Artificial intelligence models are getting better at detecting brain tumors in images from MRIs.
More than 150 types of brain tumors have been identified to date; and while not all of them are brain cancer, they can still be dangerous because of their locations. Benign brain tumors located in vital areas of the brain can be life-threatening. On rare occasions, a benign tumor can become malignant, according to John Hopkins Medicine.
Nearly 19,000 people were projected to die from brain and other nervous system cancers this year. About the same amount were estimated to die from brain and spinal cord tumors last year, according to the American Cancer Society.
Now, scientists have trained convolutional neural networks – also known as machine learning algorithms, a type of AI – to identify which MRI images showed healthy brains and which had been affected by cancer. In addition, the models could determine the area affected by cancer and what type of cancer it looked like.

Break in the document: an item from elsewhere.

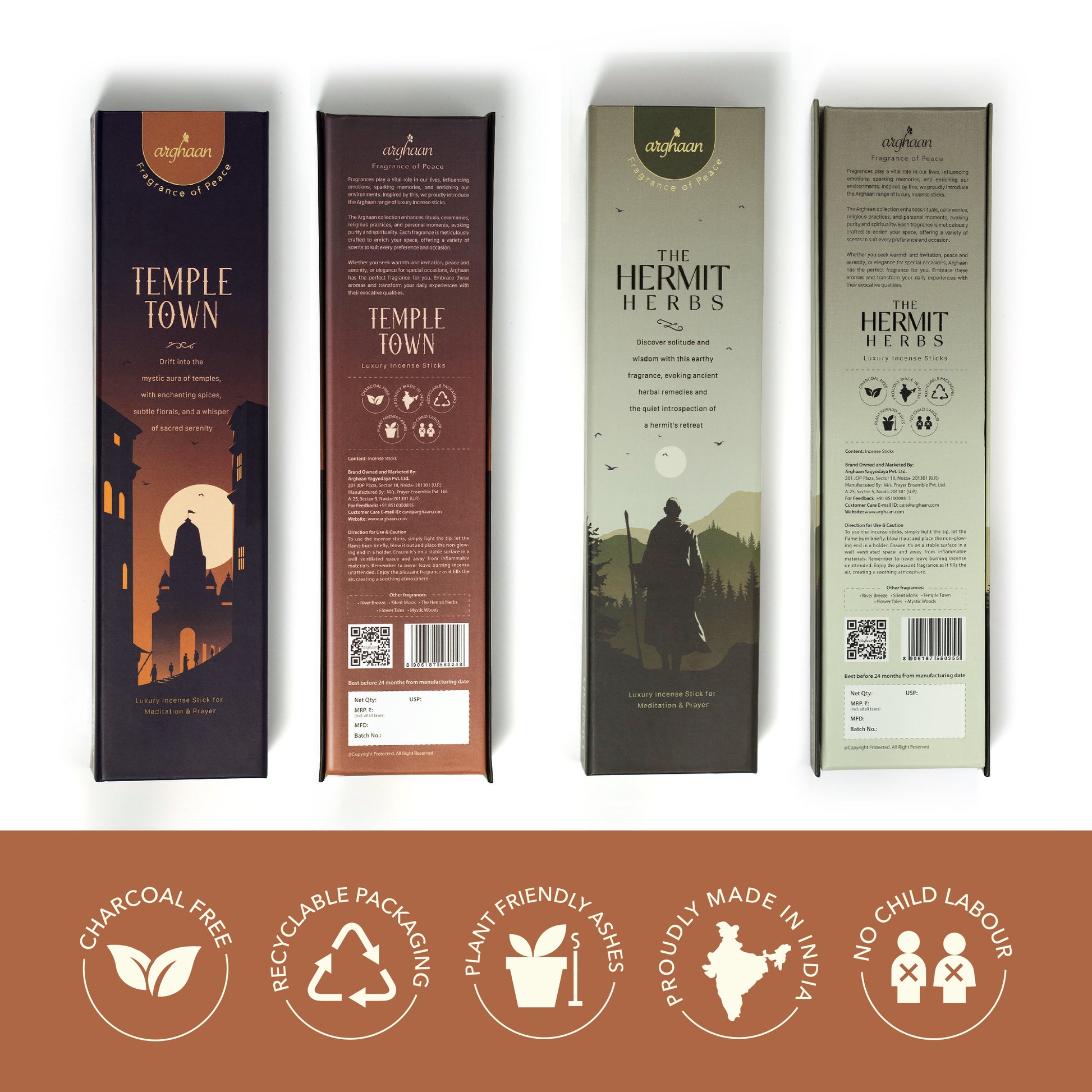 Proudly Made in India Arghaan embodies the essence of Indian tradition and craftsmanship. Every stick reflects our heritage, crafted with love and authenticity to bring purity and positivity to your space." |

They found that the AI networks scored highly at detecting normal brain images and distinguishing the difference between cancerous and healthy brains. The first could detect brain cancer with an average accuracy rate of nearly 86 percent. The second had a rate of more than 83 percent.
Researchers used public domain MRI imaging data to train the models. Their findings were published Tuesday in a new paper in the journal Biology Methods and Protocols.
To improve the networks’ abilities to detect tumors, the authors trained them in camouflage detection. They believed that there was a parallel between an animal that hides through natural camouflage – such as chameleons and walking stick insects – and a group of cancerous cells that blend in with healthy brain tissue.
They authors found that the network could generate images showing specific areas in its classification. This capability, they said, would allow doctors to cross-validate their own decisions with those from the AI.
In all cases, the networks still struggle to distinguish between types of brain cancer.
The best-performing proposed model was about 6 percent less accurate than standard human detection.
Still, the researchers said their accuracy and clarity improved as they were trained in camouflage detection and their capacity to reuse a model trained on one task for a new but related project also led to an increase in accuracy.
The news comes after a study from the University of Michigan Health that found AI could predict the genetics of cancerous brain tumors in under 90 seconds.
“Advances in AI permit more accurate detection and recognition of patterns,” the paper’s lead author, Arash Yazdanbakhsh, said in a statement. “This consequently allows for better imaging-based diagnosis aid and screening, but also necessitate more explanation for how AI accomplishes the task.”
“Aiming for AI explainability enhances communication between humans and AI in general. This is particularly important between medical professionals and AI designed for medical purposes. Clear and explainable models are better positioned to assist diagnosis, track disease progression, and monitor treatment,” he said.